Non-ideal electric field induced by turbulence in the reconnection diffusion region

Most of the plasma fluid equations have employed the electrical resistivity to generate the magnetic dissipation required for magnetic reconnection to occur in collisionless plasma. However, there has been no clear evidence that such the model is indeed appropriate in the reconnection diffusion region in terms of the kinetic physics. To address this issue, the present study has performed a large-scale 3D particle-in-cell simulation for the anti-parallel and no guide field configuration as well as analytical analysis.

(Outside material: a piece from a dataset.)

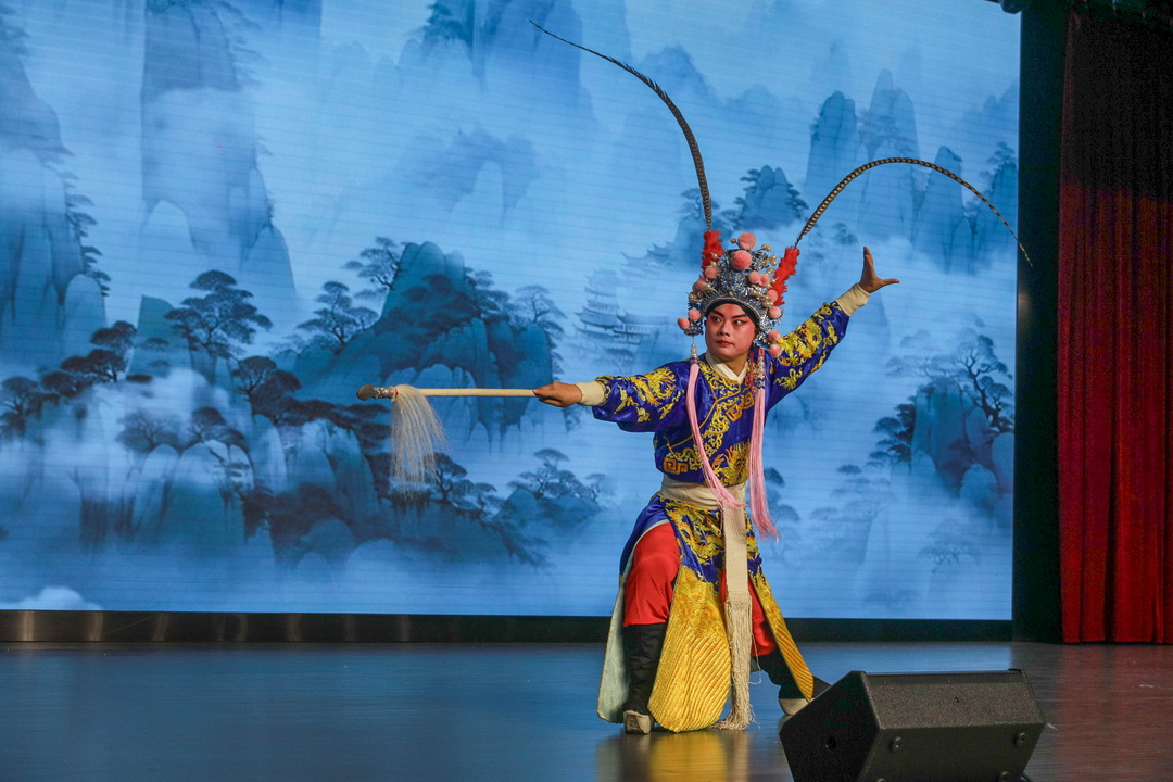随后,活动进入经典片段赏析环节。《别洞观景》灵动飘逸,演员翎子轻扬、身段柔美,念白清脆灵动,将白鳝仙姑的天真烂漫与灵动娇俏演绎得淋漓尽致,只一颦一笑、一步一姿,便让同学们深深沉醉于川剧独有的韵味与魅力之中;《八阵图》惊险武打更是将生角之刚的翻滚腾挪演绎得淋漓尽致,那眉宇间藏不住的英气是困境中难掩的焦灼与坚韧;川剧变脸惊喜奇幻,演员指尖轻挥、身形一转,一张张脸谱瞬息变换,行云流水、神秘莫测。现场掌声、欢呼声、惊叹声此起彼伏,同学们目不转睛,真切地感受到非遗技艺的神奇与震撼。一幕幕经典戏曲选段的演出,让同学们沉浸在传统艺术的视听盛宴中。演员老师们精湛的技艺,无论是婉转的唱腔、优美的身段,还是刚劲有力的武打场面,都赢得了同学们阵阵热烈的掌声。

The simulation results show that the thin current layer formed around the reconnection x-line is unstable to the flow shear instabilities, leading to intense electromagnetic turbulence in the diffusion region. It is found that the non-ideal electric field in the diffusion region is consistent with the Ohm's law based on viscosity rather than resistivity (1, 2). The effective viscosity is caused by the turbulence that gives rise to effective momentum transport of the electrons across the diffusion region. The present result suggests a fundamental modification of the fluid equations using the resistivity in the Ohm's law. Our presentation will cover the simulation results and analytical analysis to demonstrate the dissipation mechanism in the turbulent current layer to drive magnetic reconnection. 1. K. Fujimoto, and R. D. Sydora (2021), Astrophys. J. Lett., 909, L15. 2. K. Fujimoto, and R. D. Sydora (2023), Phys. Plasmas, 30, 022106.